Segment Open
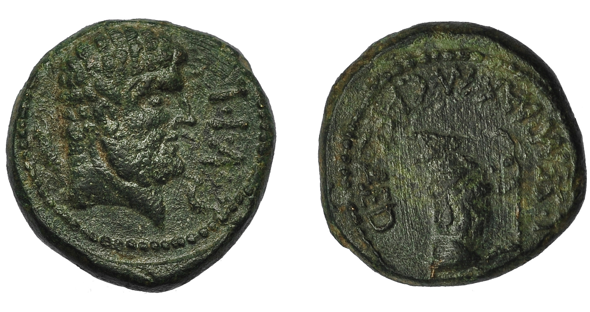 KELSE-CELSA. Semis. A/ Cabeza masculina barbada a der., detrás clava, delante externa C.V.IL. R/ Toro a der.; L SEMP MAX M CAEC AED. AE 6,75 g. 20 mm. I-801. RPC-265. APRH-265. Pátina verde. Rev. ligeramente descentrado. MBC. Rara.
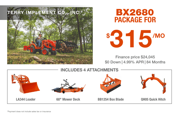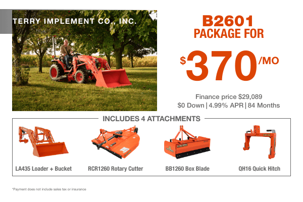 If you're looking for quality equipment and exceptional services provided by trained experts, you've come to the right place. At Terry Implement Co., Inc., we pride ourselves on matching each customer's unique needs with the Kubota that will serve them best. We're glad you're here, where you can check out our inventory, order parts, schedule a service appointment, or simply give us a call at 660-663-2183 for our Gallatin location and let us know how we can help you.
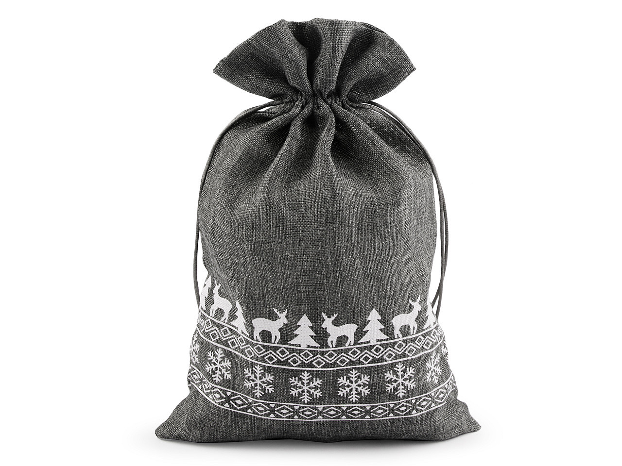 Pytlík s vánočním motivem se stahuje pomocí saténových šňůrek. Můžete ho použít na dárky nebo naplnit dobrotami na Mikuláše. Dá se naaranžovat jako vánoční dekorace.
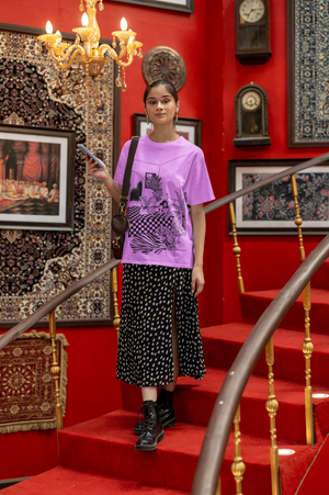 The DTF-printed “Purple Dreamer” design brings a soft, whimsical feel with its artistic detailing and calming aesthetic. It’s the perfect tee for women who love subtle creativity, pastel tones, and outfits that reflect a peaceful, dreamy personality.
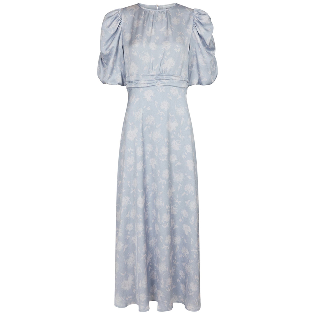 Fin Kikka Faded Flower kjole designet i en skinnede satinkvalitet med romantisk blomsterprint
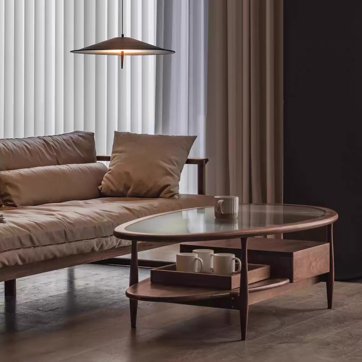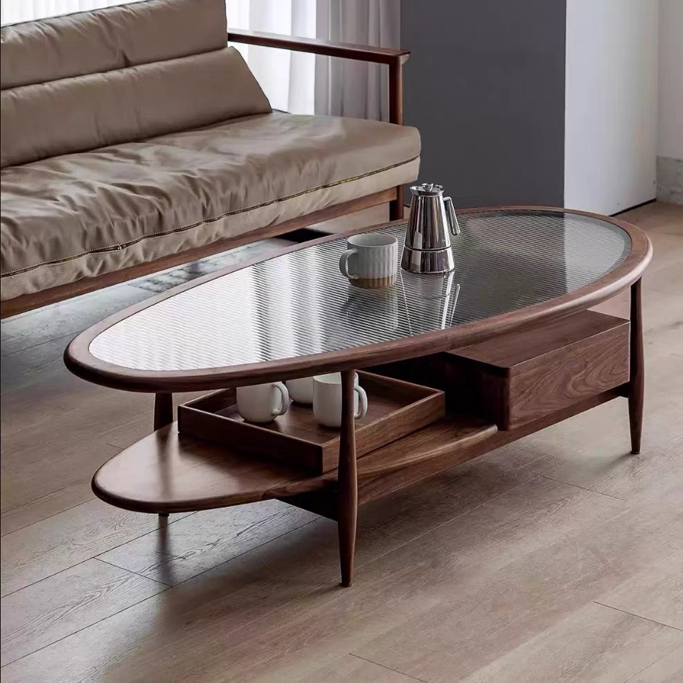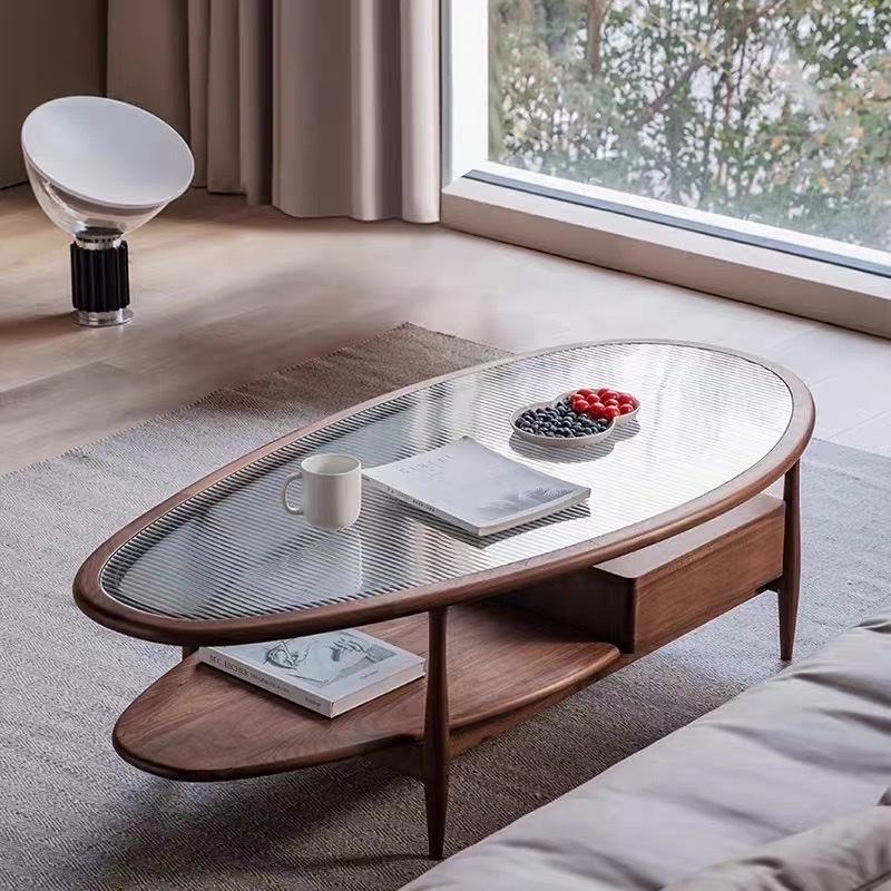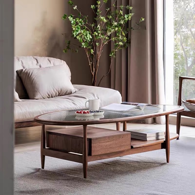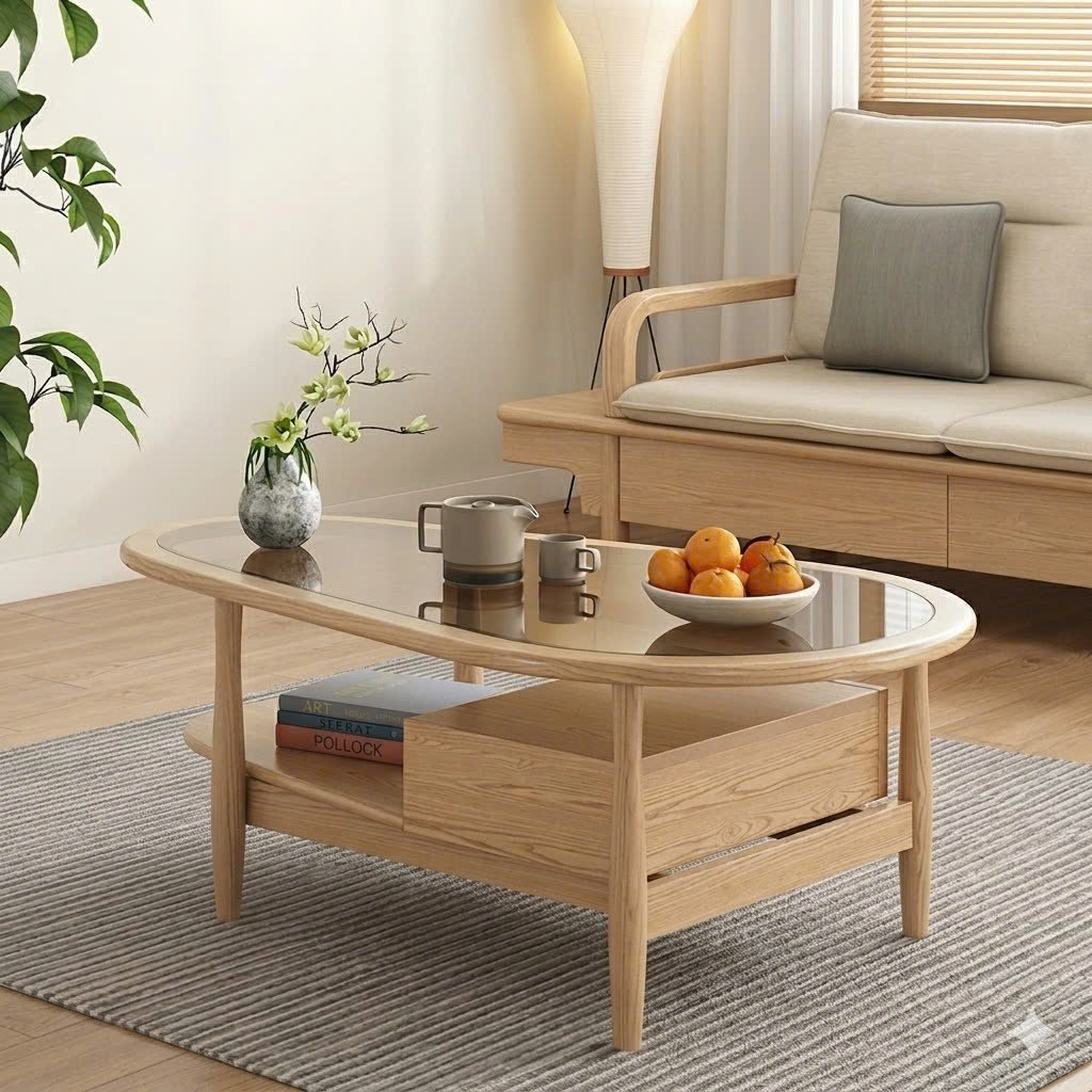 BÀN TRÀ GỖ MẶT KÍNH HÌNH LÁ VBT44 – PHONG CÁCH – MID-CENTURY MODERN TINH TẾ CHO PHÒNG KHÁCH
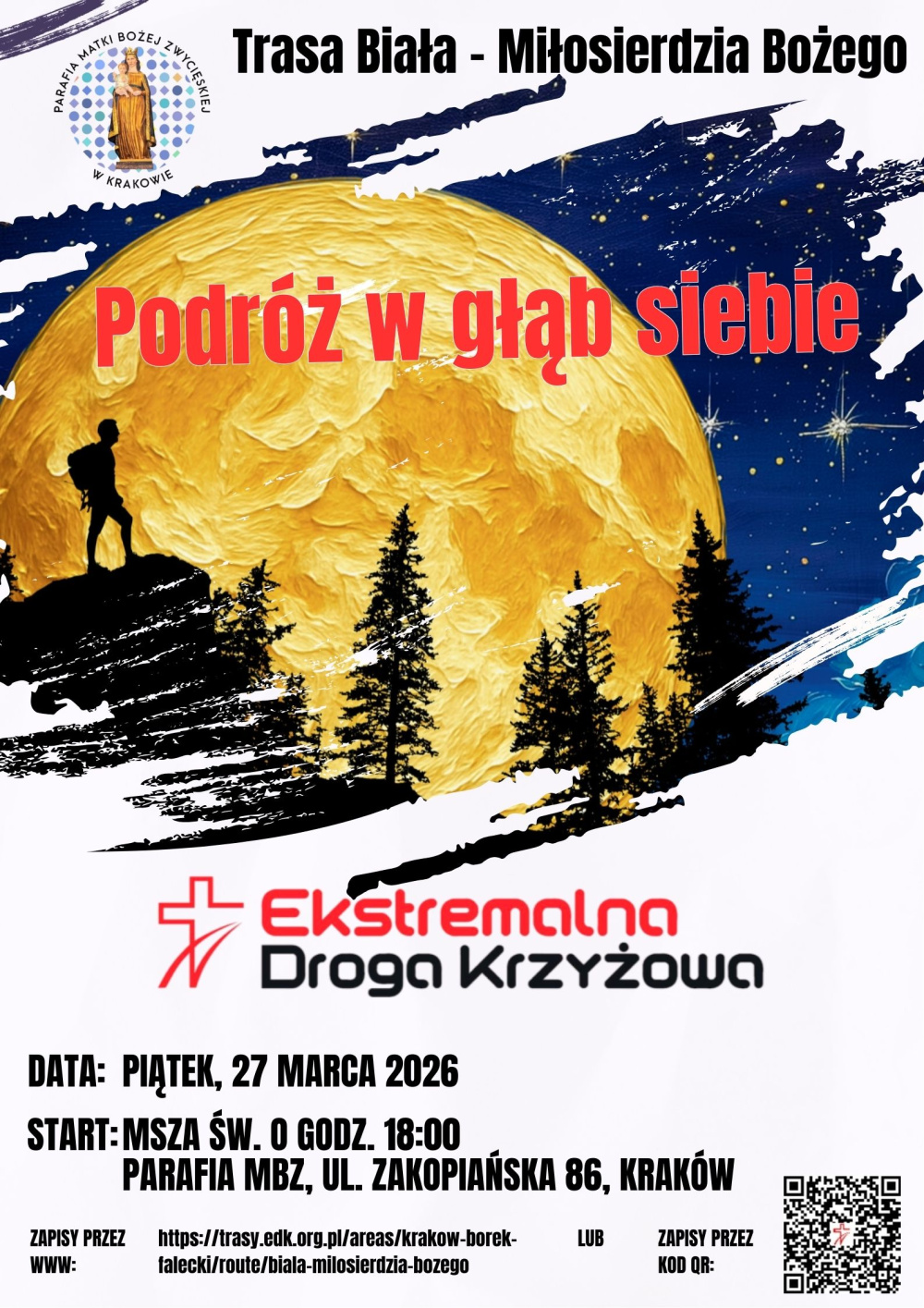 Ekstremalna Droga Krzyżowa trasą Białą – Miłosierdzia wyruszy z naszego kościoła w piątek 27 marca po Mszy św. o godz. 18:00. Trasa zaczyna się i kończy w naszym kościele. Szczegóły i zapisy na stronie głównej EDK. Zapraszamy!
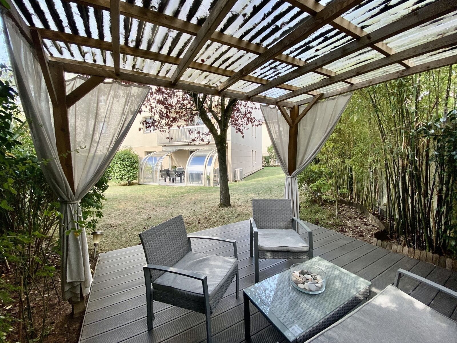 Pour finir, Un espace Barbecue abrité par une pergola vous permettra de profiter des soirées d'été entre amis ! N'hésitez plus, venez visiter!
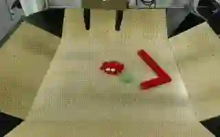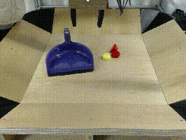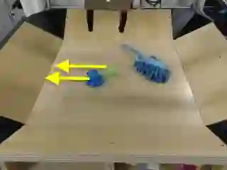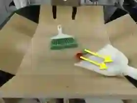 新任务是通过用户提供的物体移动关键点位置来指定的。例如,我们想要机器人把垃圾扫进簸箕,就可以选择垃圾的中心点和垃圾在簸箕上的最终位置来确定任务(见下图)。用这种方式指定任务不会告诉机器人如何使用某工具,甚至不会告诉它在这个场景下有哪种工具可以使用,机器人必须在其动作规划过程中自行确定。
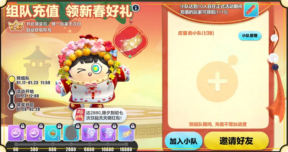 以上就是小编整理带来的《蛋仔派对》新春充值福利:组队好礼活动内容一览,更多相关游戏攻略,请关注手游网!
Segment Closed
What to do:
Copy exactly the lines from the line containing "If you're looking" through the last line of the records, both included, and omit every picture.

Result of this exercise:
 If you're looking for quality equipment and exceptional services provided by trained experts, you've come to the right place. At Terry Implement Co., Inc., we pride ourselves on matching each customer's unique needs with the Kubota that will serve them best. We're glad you're here, where you can check out our inventory, order parts, schedule a service appointment, or simply give us a call at 660-663-2183 for our Gallatin location and let us know how we can help you.
 Pytlík s vánočním motivem se stahuje pomocí saténových šňůrek. Můžete ho použít na dárky nebo naplnit dobrotami na Mikuláše. Dá se naaranžovat jako vánoční dekorace.
 The DTF-printed “Purple Dreamer” design brings a soft, whimsical feel with its artistic detailing and calming aesthetic. It’s the perfect tee for women who love subtle creativity, pastel tones, and outfits that reflect a peaceful, dreamy personality.
 Fin Kikka Faded Flower kjole designet i en skinnede satinkvalitet med romantisk blomsterprint
 BÀN TRÀ GỖ MẶT KÍNH HÌNH LÁ VBT44 – PHONG CÁCH – MID-CENTURY MODERN TINH TẾ CHO PHÒNG KHÁCH
 Ekstremalna Droga Krzyżowa trasą Białą – Miłosierdzia wyruszy z naszego kościoła w piątek 27 marca po Mszy św. o godz. 18:00. Trasa zaczyna się i kończy w naszym kościele. Szczegóły i zapisy na stronie głównej EDK. Zapraszamy!
 Pour finir, Un espace Barbecue abrité par une pergola vous permettra de profiter des soirées d'été entre amis ! N'hésitez plus, venez visiter!
 新任务是通过用户提供的物体移动关键点位置来指定的。例如,我们想要机器人把垃圾扫进簸箕,就可以选择垃圾的中心点和垃圾在簸箕上的最终位置来确定任务(见下图)。用这种方式指定任务不会告诉机器人如何使用某工具,甚至不会告诉它在这个场景下有哪种工具可以使用,机器人必须在其动作规划过程中自行确定。
 以上就是小编整理带来的《蛋仔派对》新春充值福利:组队好礼活动内容一览,更多相关游戏攻略,请关注手游网!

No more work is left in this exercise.